Python for Data Science Course
A 7-week, 2-credit hour course focused on using Python for data science. Topics include data wrangling, interaction with data sources, visualization, running scripts, the Python ecosystem, functions, and modeling.
If you are looking for information on the associated bootcamp, click here.
Lecture Slides | Labs | Lab Solutions
- Expose students to the Python data science ecosystem’s libraries, capabilities, and vocabulary.
- Build students’ proficiency in the core data wrangling skills: importing data, reshaping data, transforming data, and exporting data.
- Develop students’ ability to use Python within both interactive (Jupyter, REPL) and non-interactive (scripts) environments.
- Explore various methods of producing output in Python: plotting, exporting various data formats, converting notebooks to static files as deliverables, and writing to a SQL database.
- Expose students to modeling via scikit-learn and discuss the fundamentals of building models in Python.
- Teach students how and when to teach themselves, through a discussion of widely-available Python resources.

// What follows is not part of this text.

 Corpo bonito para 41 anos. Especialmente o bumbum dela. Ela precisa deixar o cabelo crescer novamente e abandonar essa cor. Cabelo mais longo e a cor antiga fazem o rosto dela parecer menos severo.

I try to limit pre-work as much as possible, but having Python, Jupyter, and the relevant packages installed is an unavoidable necessity. Below are instructions to do so via Anaconda (a popular Python distribution):
- Visit the Anaconda download page
- Select your appropriate operating system
- Click the “Download” button for Python 3.7 - this will begin to download the Anaconda installer
- Open the installer when the download completes, and then follow the prompts. If you are prompted about installing PyCharm, elect not to do so.

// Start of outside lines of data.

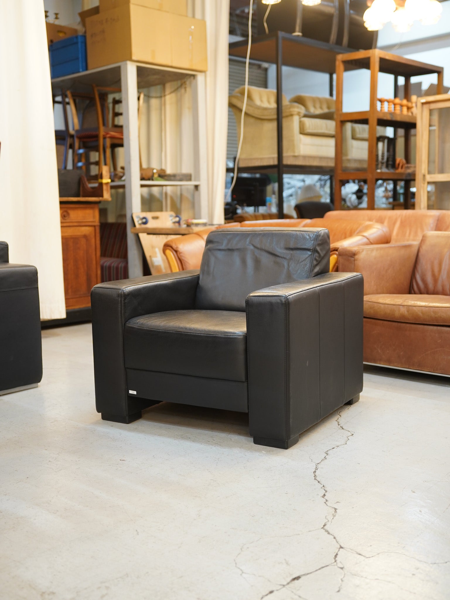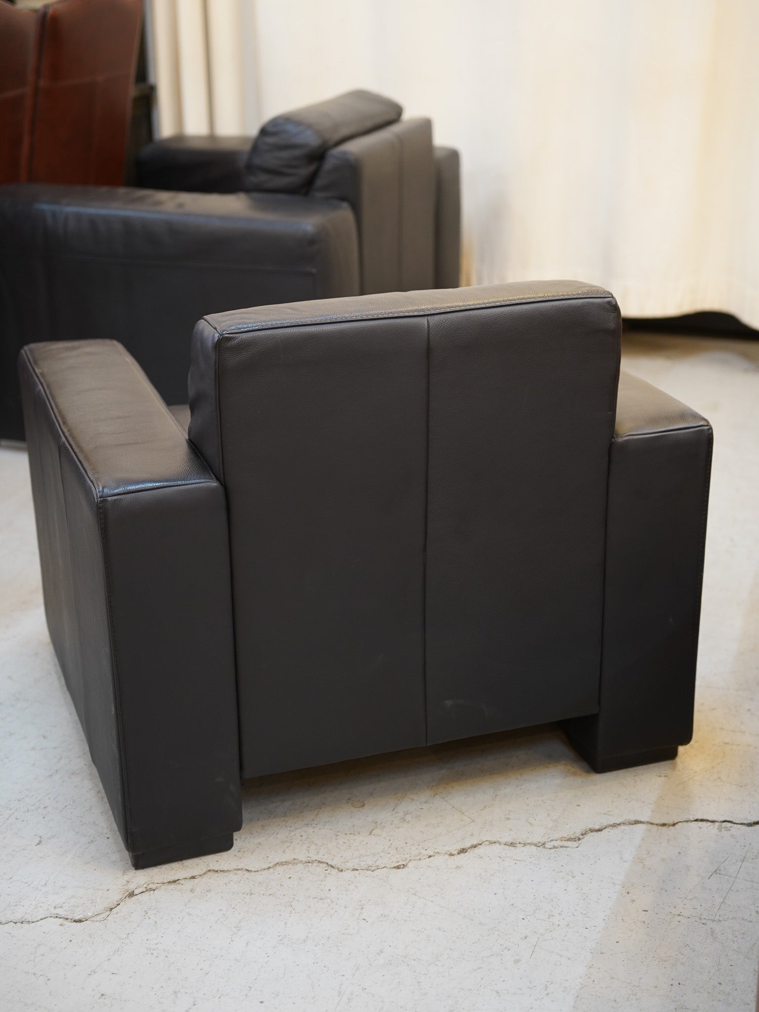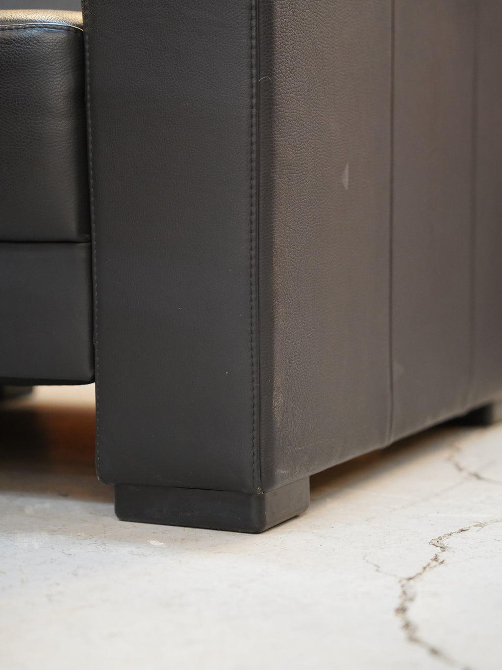 直線を基調としたシャープなフォルムが魅力の、ヴィンテージのモダンレザー1シーターソファ。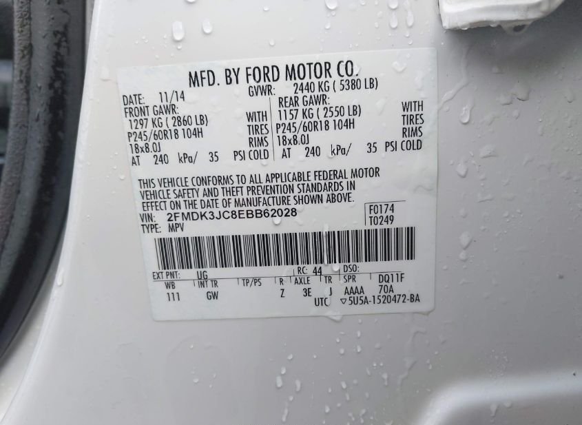- VIN: 2FMDK3JC8EBB62028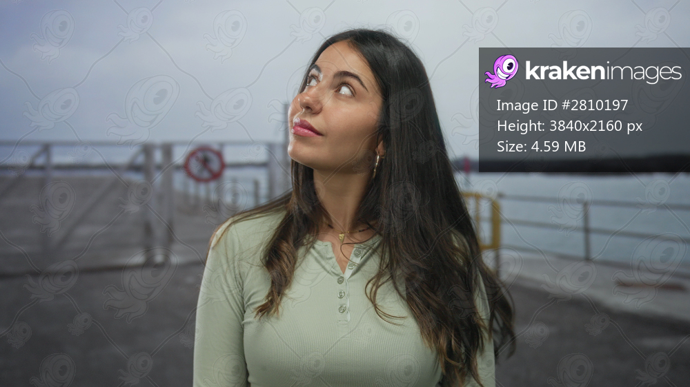 Woman standing by seaside promenade outdoors, looking thoughtful at the ocean, with a peaceful cloudy sky in the background.

- Once installed, open the Anaconda Navigator and launch a Jupyter Notebook to ensure it works.
- Follow the package installation instructions to ensure pandas and seaborn packages are installed.

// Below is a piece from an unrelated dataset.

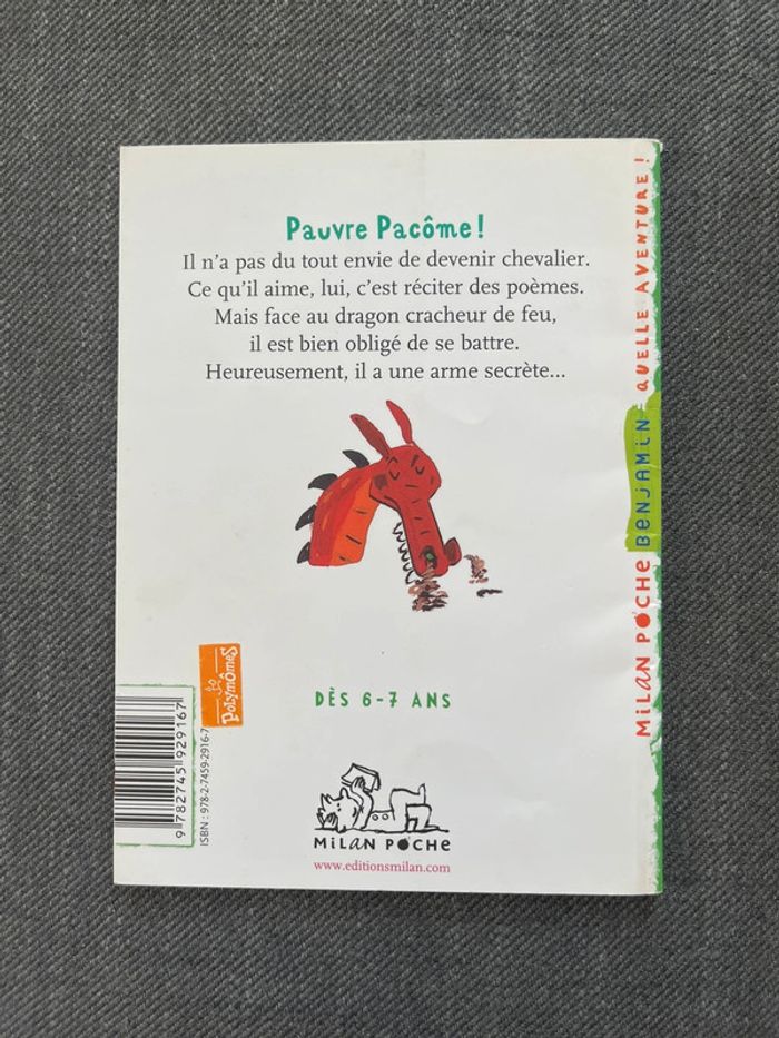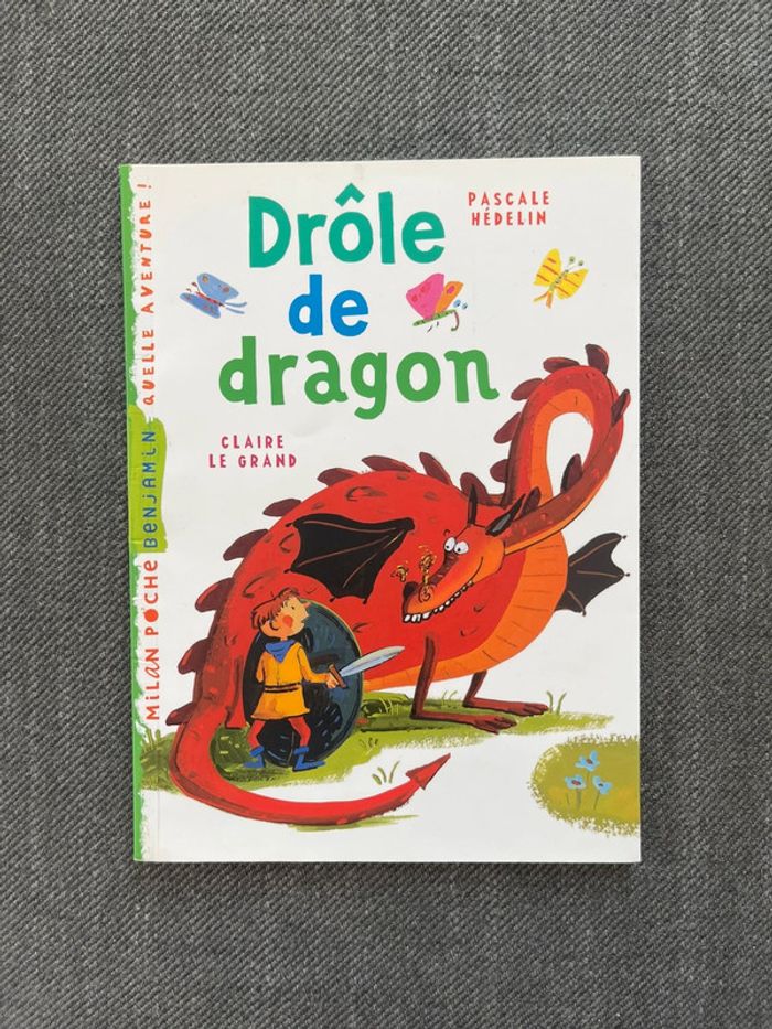 Titre : Drôle de dragon Auteure : Pascale Hedelin Illustratrice : Claire Le Grand Collection : Benjamin, Quelle aventure ! Éditeur : Milan poche Âge : 6-7 ans - Premières lectures Résumé : Pacôme passe toutes ses journées à aider son maître, le vaillant chevalier Godefroy. Mais, lorsque l'on est rêveur et sensible, il n'est pas facile d'être l'écuyer d'un grand chevalier. Surtout lorsqu'il faut partir combattre un dragon terrifiant... D’autres livres, jeux et vêtements disponibles, n’hésitez pas à faire un lot (jusqu’à 15% de réduction) ☺️

I would also suggest, but not mandate, reading the preface and Chapter 1 of the Python Data Science Handbook for an overview of data science and to gain familiarity with the Python environment and Jupyter notebooks.
Class sessions will be structured as 110 minutes of lecture, a 10-minute break, and 110 minutes of lab. Additional breaks will be given if time permits.
- Session 1: Refresher on Python and DataFrames
- Session 2: Importing and Exporting Beyond CSVs; Grouping and Reshaping
- Supplemental Reading: Refer to Session 1 reading
- Session 3: Control Flow; Functions; the
- Supplemental Reading:
- Session 4: Visualization with Seaborn and Matplotlib
- Supplemental Reading: The Python Data Science Handbook, Chapter 4
- Session 5: Modeling and Feature Engineering
- Supplemental Reading: The Python Data Science Handbook, Chapter 5
- Session 6: Version Control with Git and GitHub; High-level Discussion of Python Packaging and APIs (as time allows)
- Supplemental Reading:
- Session 7: Final Exam; High-level Discussion of Object-oriented Programming; Any Student-suggested Topics
- 30% Assignments – completion-based, 5% each
- 15% Final Exam
- 5% Class Participation – asking at least two questions during or after class, in total throughout the course
- 50% Course Project – see below
50% of the course grade is based on a final project: apply the data science skills covered in the course (and optionally, beyond what’s covered) to real datasets. The project must include data wrangling and the creation of a deliverable to explain the group’s findings. Students may complete the project alone or in teams of up to four; however, larger groups will be held to a higher standard.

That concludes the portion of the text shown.